Operator: Good afternoon, everyone. Welcome to AAR’s Fiscal 2024 Third Quarter Earnings Call. We’re joined today by John Holmes, Chairman, President and Chief Executive Officer; and Sean Gillen, Chief Financial Officer. Before we begin, I’d like to remind you that the comments made during the call may include forward-looking statements as defined in the Private Securities Litigation Reform Act of 1995. These forward-looking statements involve risks and uncertainties that could cause actual results to differ materially from the forward-looking statements. Accordingly, these statements are no guarantee of future performance. These risks and uncertainties are discussed in the company’s earnings release and the Risk Factor sections of the company’s annual report on Form 10-K for the fiscal year ended May 31, 2023, and Form 10-Q for the fiscal quarter ended February 29, 2024, which we expect to be on file with the SEC shortly.

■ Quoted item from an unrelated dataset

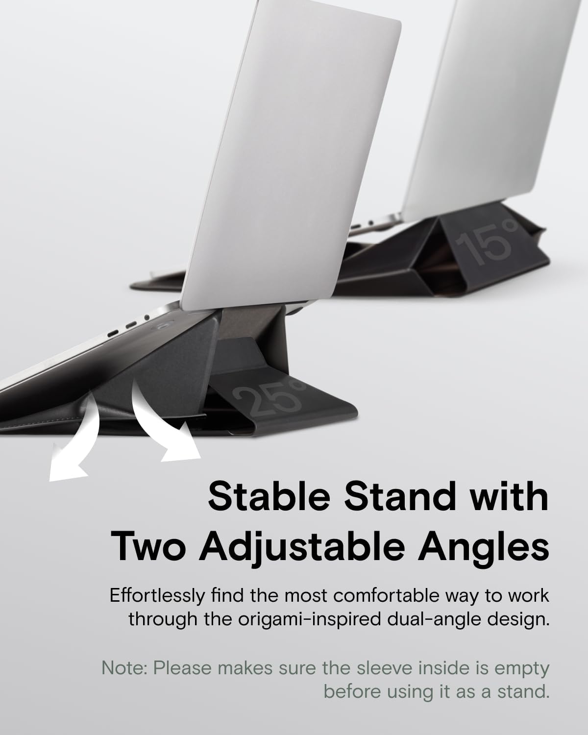 Two Angles Laptop Sleeve Stand: Instantly convert this sleek Laptop Sleeve into a sturdy Laptop Stand. Features dual-angle adjustment (15° for typing; 25° for viewing) to elevate your screen, reducing neck/wrist strain from poor posture. More than a protective Laptop Bag, this ergonomic Computer Bag works anywhere – transforming your carry sleeve into a pain-relieving workstation.
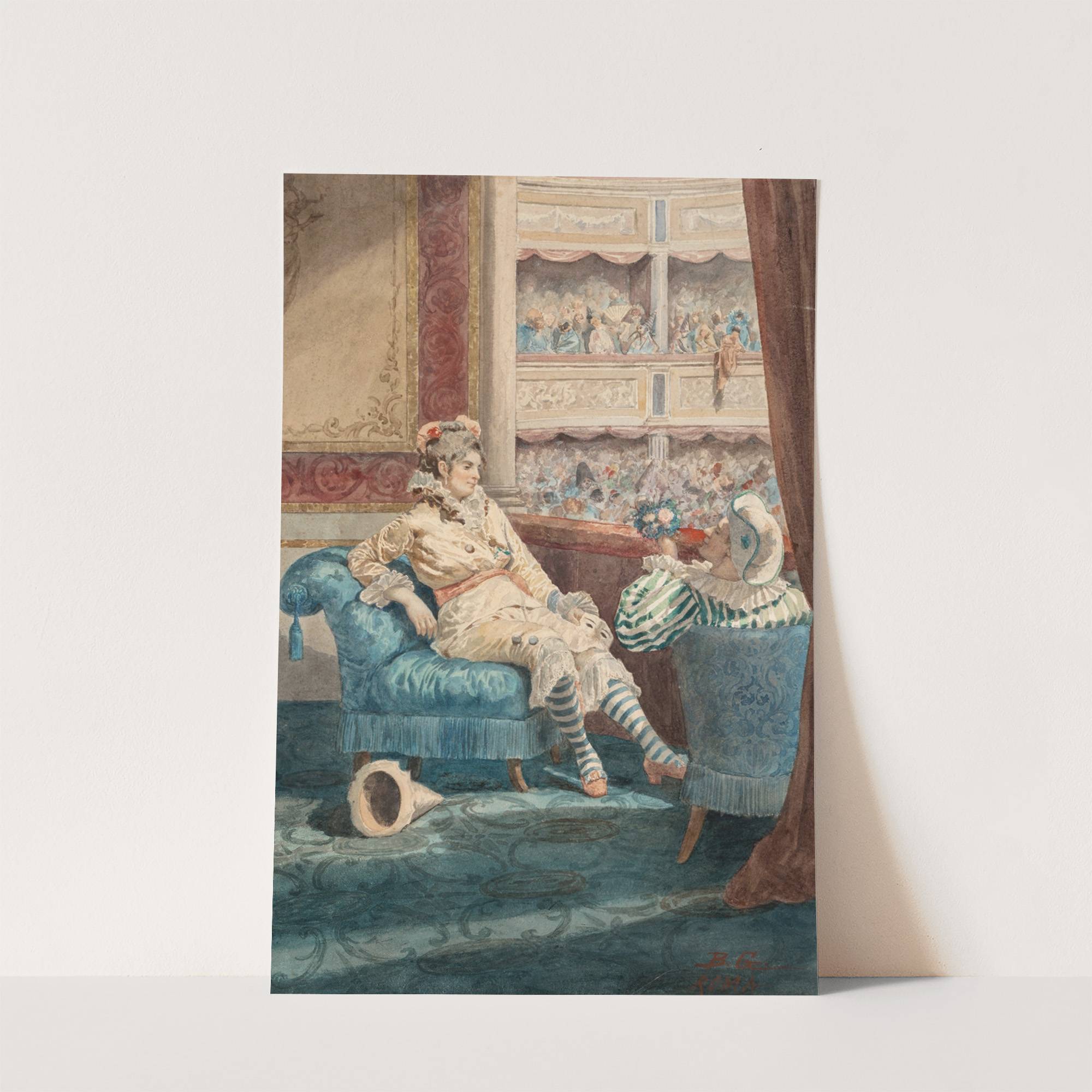 Two figures dressed for Carnival at a theatre by Belisario Gioja - Wall Art Print

In providing the forward-looking statements, the company assumes no obligation to provide updates to reflect future circumstances or anticipated or unanticipated events. Certain non-GAAP financial information will be discussed in the call today. A reconciliation of these non-GAAP measures to the most comparable GAAP measures is set forth in the company’s earnings release. A replay of this conference call will be available for on-demand listening shortly after the completion of the call on AAR’s website. At this time, I would like to turn the call over to AAR’s Chairman, President and CEO, John Holmes.
John Holmes: Thank you, and good afternoon, everyone. I appreciate you joining us today to discuss our third quarter fiscal year 2024 results. Before we discuss the results, I would like to take the opportunity here to, again, welcome the Triumph Product Support employee to the AAR family. We closed the acquisition and related financing transactions just subsequent to the end of our quarter. This business, which is now part of our Repair & Engineering segment, meaningfully scales our previous component repair operation, adds differentiated repair capability on both current and next-generation platforms, and expands our footprint into the higher growth Asian market. Integration is off to a great start and I am very, very excited about what we can do with this business.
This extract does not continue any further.